Which ever country you are from, you would probably not see the funny side of the jokes about you, but would roar with laughter at the way the others are portrayed.
This was politically incorrect, but then again, what wasn't in those days.
THIS IS A MUST SEE IF YOU GET A CHANCE ( I.E They play it on TV where you live )WATCH IT. Honest.
*** This review may contain spoilers ***
Picture the scene: a Frenchman is riding a bike across a bridge. A car
overtakes, causing him to swerve violently. He plunges into the river.
A moment later, we see onions bobbing to the surface.
That gag should give you an idea of the level of humour to be found in this film. During the '60's and '70's, a number of independent British studios churned out 'featurettes' - short films designed to be shown as supporting features in cinemas, of which 'San Ferry Ann' was one. Years later, they turned up on television either in afternoon or late night slots. Indeed, 'Ann' was a favourite repeat item in the early days of Channel 4. Its not been seen anywhere recently, which makes its recent D.V.D. release all the more welcome.

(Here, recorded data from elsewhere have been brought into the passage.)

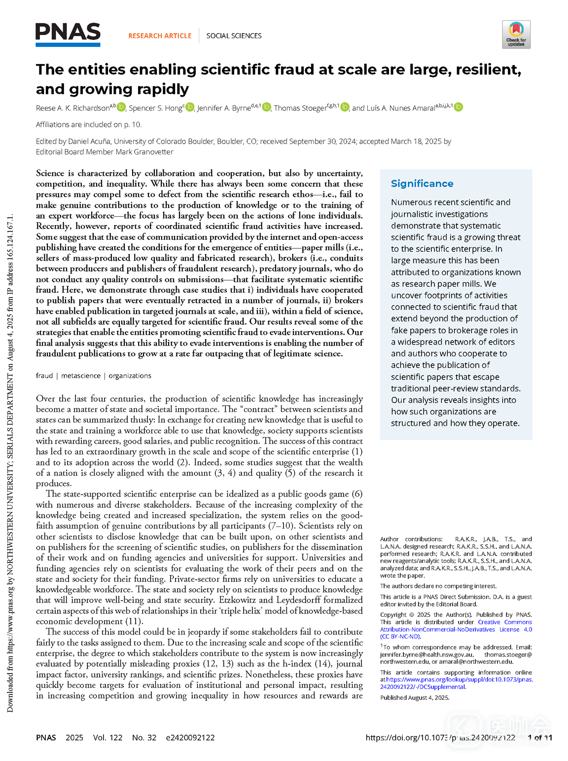 2025年8月4日,美国西北大学的里斯·理查森(Reese Richardson)等人在顶级期刊《美国国家科学院院刊》(PNAS)发表题为The entities enabling scientific fraud at scale are large, resilient, and growing rapidly(推动大规模学术造假的实体组织规模庞大、韧性强且正迅速扩张)的研究论文。作者理查森同意将论文内容摘译成中文以便中国读者阅读。论文和相关资料摘译如下(删减部分不特别注明,[ ]内为译者注):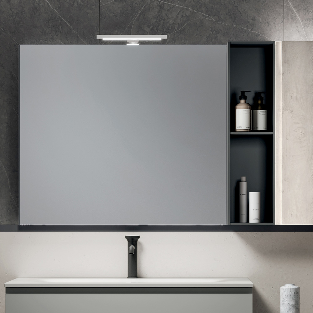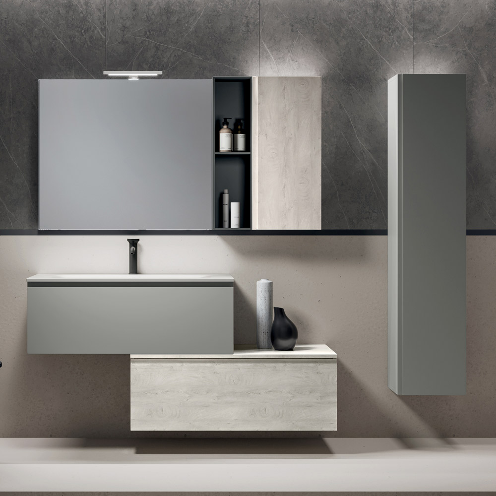 El mueble alto suspendido en acabado roble Alaska y el elemento abierto antracita enriquecen la estructura con soluciones funcionales y decorativas, ideales para organizar y personalizar el espacio del baño con elegancia y practicidad.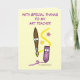A cartoon paintbrush and crayon decorate this thank you card to your special art teacher. For matching items, type "penguincornerstore paintbrush" into the Zazzle search bar.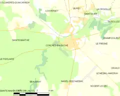 - Situación de Conches-en-Ouche en un mapa de Francia y de comunas limítrofes (en francés)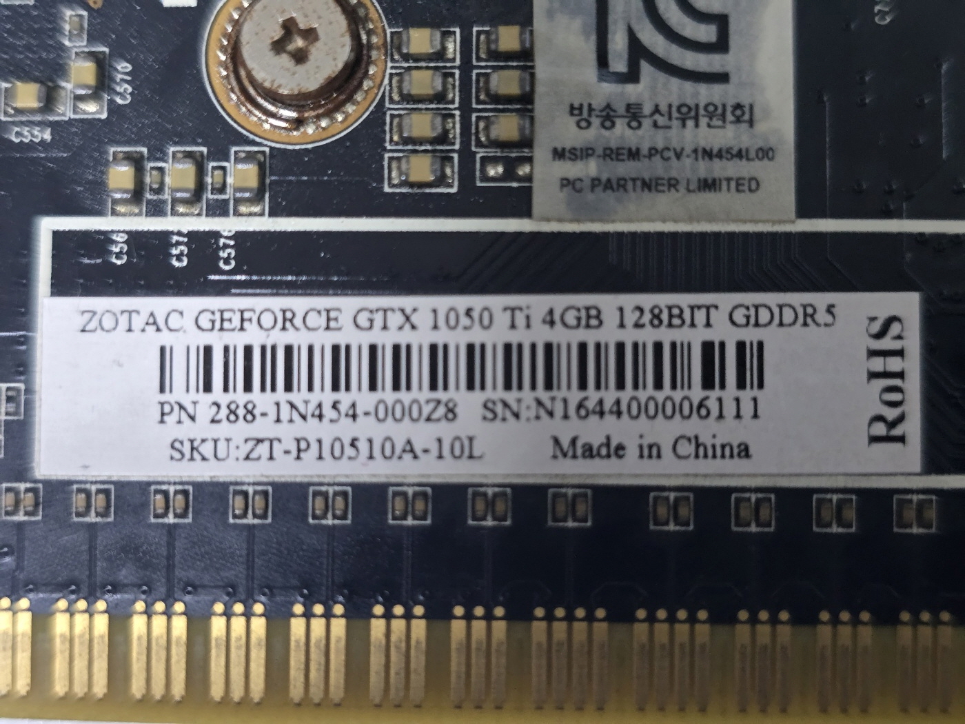 ![]() Zotac GTX1050 Ti 뒷면 라벨 |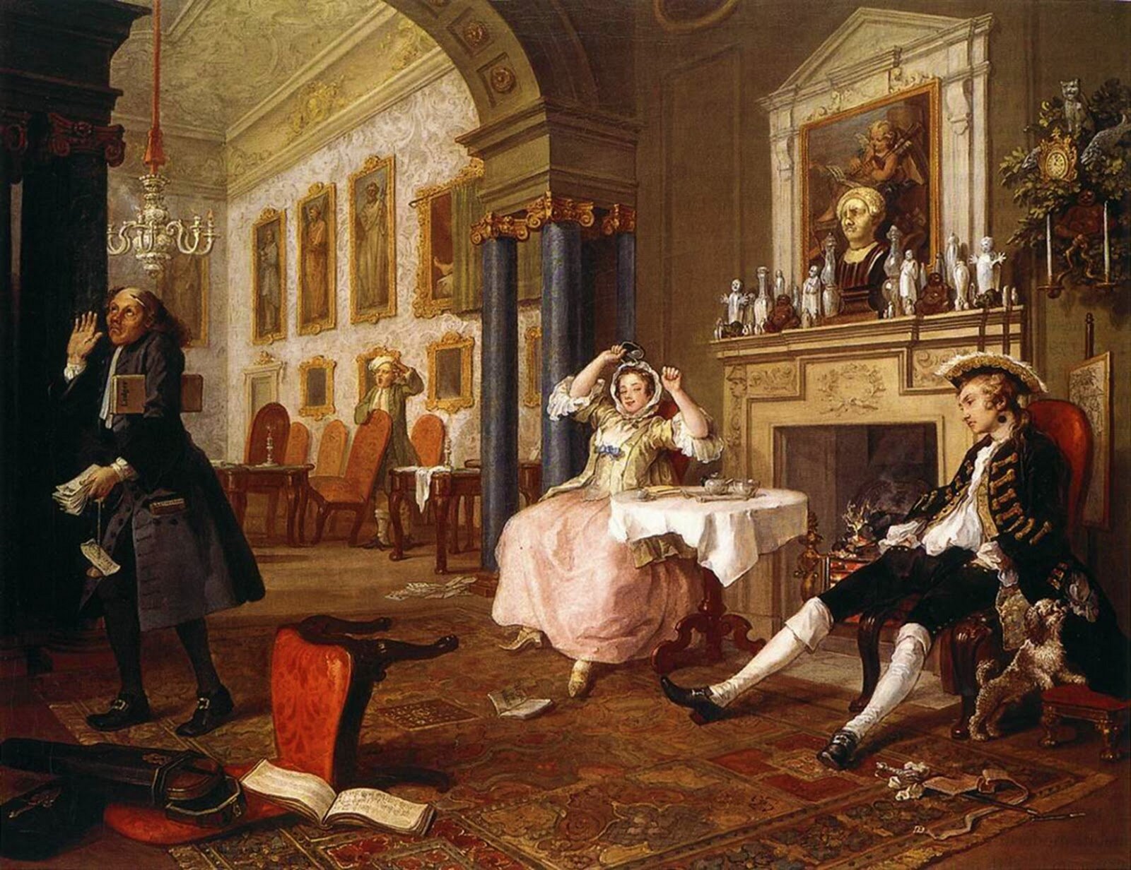 Dziewczyna przeciąga się przy stoliku nakrytym dla jednej tylko osoby, natomiast pijany jeszcze, znudzony, świeży (o ironio!) małżonek siedzi w ubraniu, którego nie zdążył jeszcze zdjąć od poprzedniego wieczoru. Bezsilność nie pozwala mu nawet zdjąć z głowy kapelusza, mimo iż odrzucił na podłogę, ujmując sobie tym samym ciężaru, szpadę. Broń jest złamana- czyżby musiał jej w nocy używać? Wesoły francuski piesek wyciąga z kieszeni pana część damskiej garderoby, a na szyi lorda widoczny jest czarny wrzód- symptom syfilisu. Symbole te można łatwo ze sobą połączyć.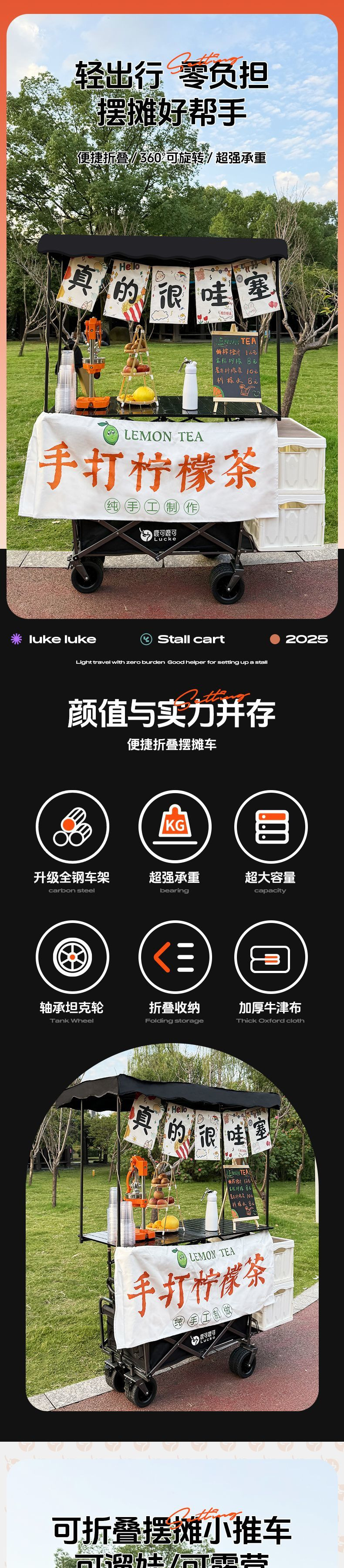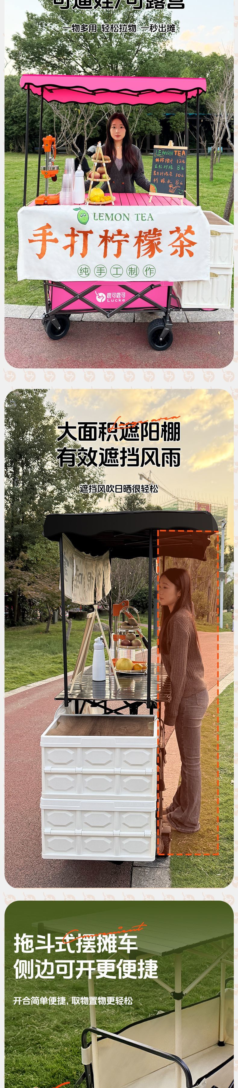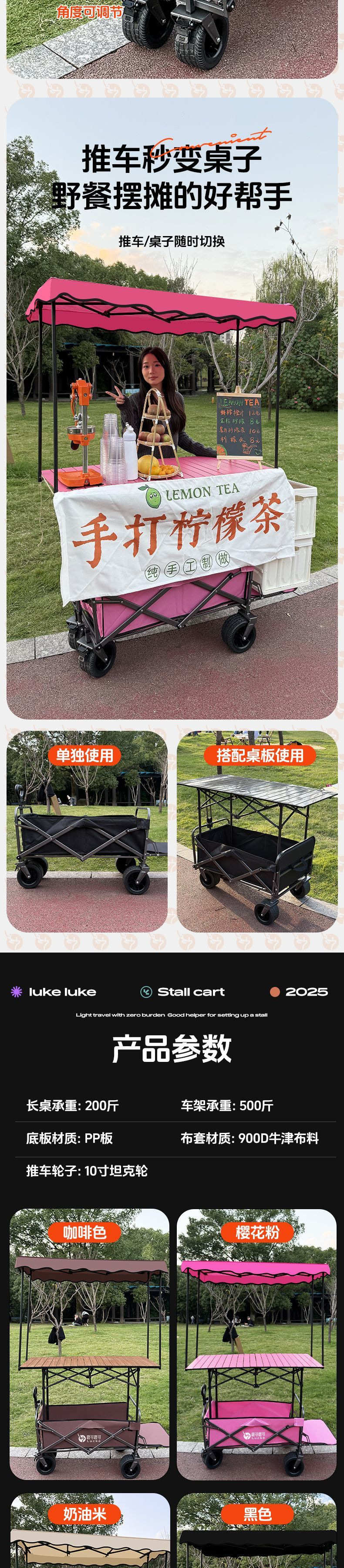 | 顔色 | 櫻花粉【雙層可拆卸清洗900D牛津布】-【拖鬥款】擺攤車+升降折曡桌+遮陽棚⚑ |

The premise is this; a group of British holidaymakers board a ferry to France, and predictably, chaos results. Some go camping, others book into a seedy hotel. Amongst the tourists are Barbara Windsor, Ronnie Stevens, David Lodge, Joan Sims, Rodney Bewes and Wilfrid Brambell. Cropping up in smaller roles are Ron Moody, Brian Murphy, Hugh Paddick, Fred Emney and Warren Mitchell.
If you liked the 'Two Ronnies' specials 'The Picnic' and 'By The Sea', you'll love this. Not a word of dialogue is spoken throughout. It perfectly captures the eccentric behaviour of the British abroad. As has been noted by others, the French are stereotypically depicted in berets, striped T-shirts and with a fondness for frog's legs and stinky cheese.
The script was by Bob Kellett, who would later direct the movie versions of 'Are You Being Served?' and 'Up Pompeii'. Take it from me, this is a thousand times funnier. In fact it seems far longer than its fifty-five minute running time.
Funniest moment - Wilfrid Brambell chasing a tent which has blown out to sea!